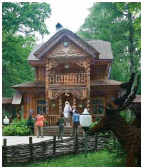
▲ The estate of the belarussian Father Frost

★ ★ ★

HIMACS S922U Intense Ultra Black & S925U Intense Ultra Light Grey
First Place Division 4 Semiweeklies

★ ★ ★

Problem requirements
Take the listing above and repeat exactly the lines from the one containing "HIMACS S922U Intense" through the one containing "First Place Division 4 Semiweeklies", both included.

Exercise output
HIMACS S922U Intense Ultra Black & S925U Intense Ultra Light Grey
First Place Division 4 Semiweeklies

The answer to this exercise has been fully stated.